- Provided data:
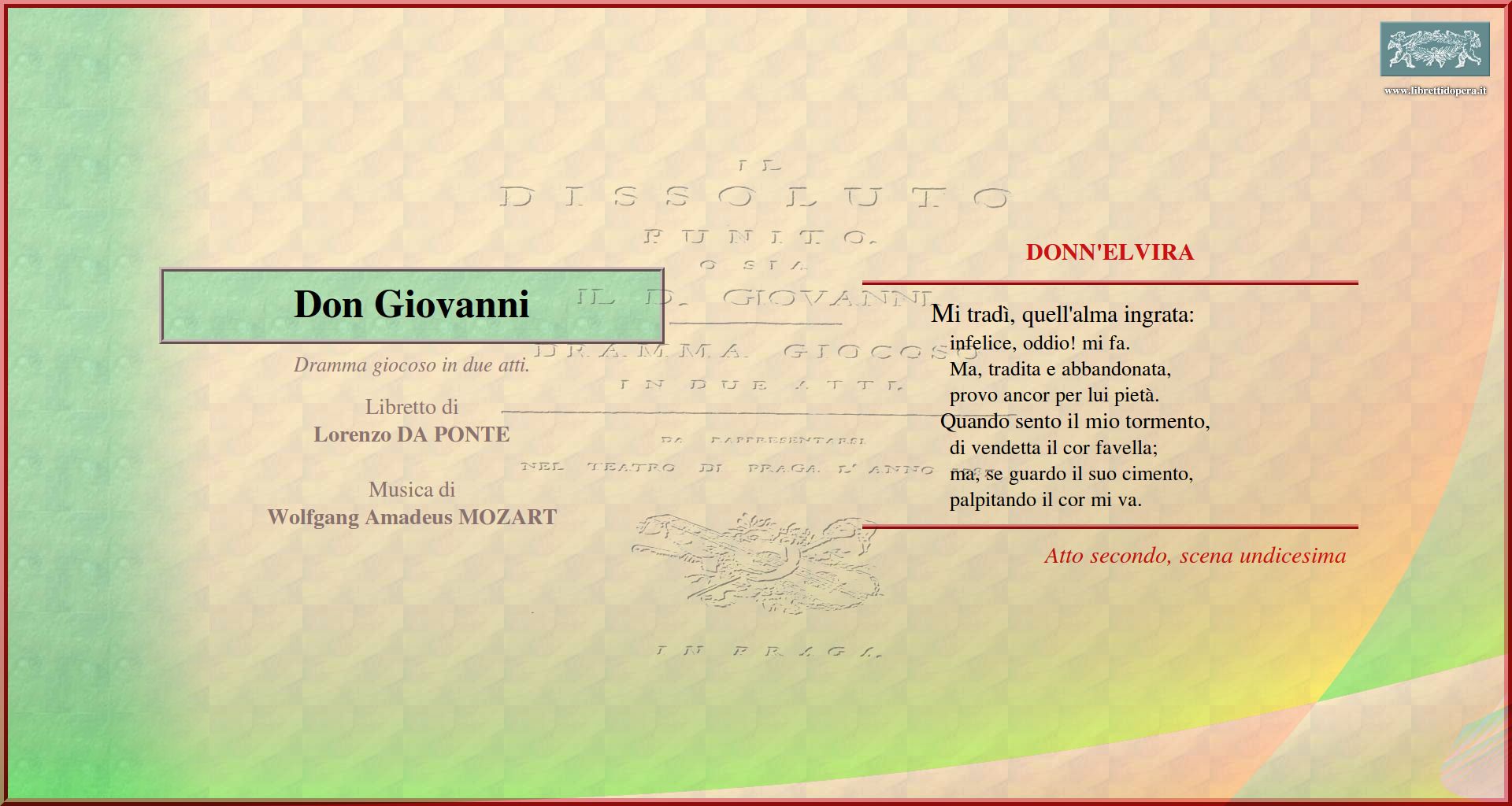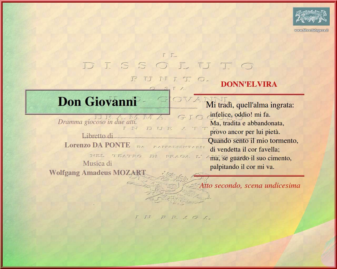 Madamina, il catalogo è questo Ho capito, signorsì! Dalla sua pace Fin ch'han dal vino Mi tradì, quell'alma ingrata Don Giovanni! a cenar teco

...

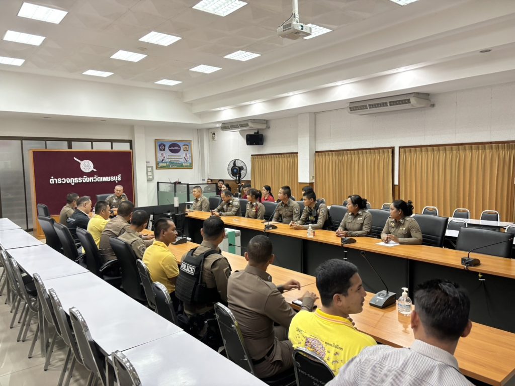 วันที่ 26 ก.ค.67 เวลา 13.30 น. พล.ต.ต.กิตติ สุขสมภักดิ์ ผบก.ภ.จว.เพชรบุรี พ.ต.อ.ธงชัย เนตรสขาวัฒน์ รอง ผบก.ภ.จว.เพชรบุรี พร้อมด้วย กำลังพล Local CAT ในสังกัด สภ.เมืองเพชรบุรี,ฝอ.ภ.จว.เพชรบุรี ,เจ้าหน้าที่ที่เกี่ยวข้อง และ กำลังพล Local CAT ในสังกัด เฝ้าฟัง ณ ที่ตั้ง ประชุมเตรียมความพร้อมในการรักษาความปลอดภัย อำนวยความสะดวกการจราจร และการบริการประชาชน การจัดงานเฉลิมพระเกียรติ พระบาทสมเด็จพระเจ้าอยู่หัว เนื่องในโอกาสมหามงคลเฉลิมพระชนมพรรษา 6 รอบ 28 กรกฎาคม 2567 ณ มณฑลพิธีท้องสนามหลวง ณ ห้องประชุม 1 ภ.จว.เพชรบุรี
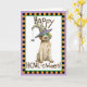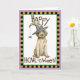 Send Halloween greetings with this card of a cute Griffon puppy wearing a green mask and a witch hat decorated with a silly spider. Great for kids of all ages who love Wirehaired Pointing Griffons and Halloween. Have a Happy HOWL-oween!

- What you should do: Copy out the listing above from the line containing "วันที่ 26 ก.ค.67" to the line containing "Send Halloween greetings", both included, exactly as written and minus the images.

- Task solution:
 วันที่ 26 ก.ค.67 เวลา 13.30 น. พล.ต.ต.กิตติ สุขสมภักดิ์ ผบก.ภ.จว.เพชรบุรี พ.ต.อ.ธงชัย เนตรสขาวัฒน์ รอง ผบก.ภ.จว.เพชรบุรี พร้อมด้วย กำลังพล Local CAT ในสังกัด สภ.เมืองเพชรบุรี,ฝอ.ภ.จว.เพชรบุรี ,เจ้าหน้าที่ที่เกี่ยวข้อง และ กำลังพล Local CAT ในสังกัด เฝ้าฟัง ณ ที่ตั้ง ประชุมเตรียมความพร้อมในการรักษาความปลอดภัย อำนวยความสะดวกการจราจร และการบริการประชาชน การจัดงานเฉลิมพระเกียรติ พระบาทสมเด็จพระเจ้าอยู่หัว เนื่องในโอกาสมหามงคลเฉลิมพระชนมพรรษา 6 รอบ 28 กรกฎาคม 2567 ณ มณฑลพิธีท้องสนามหลวง ณ ห้องประชุม 1 ภ.จว.เพชรบุรี
 Send Halloween greetings with this card of a cute Griffon puppy wearing a green mask and a witch hat decorated with a silly spider. Great for kids of all ages who love Wirehaired Pointing Griffons and Halloween. Have a Happy HOWL-oween!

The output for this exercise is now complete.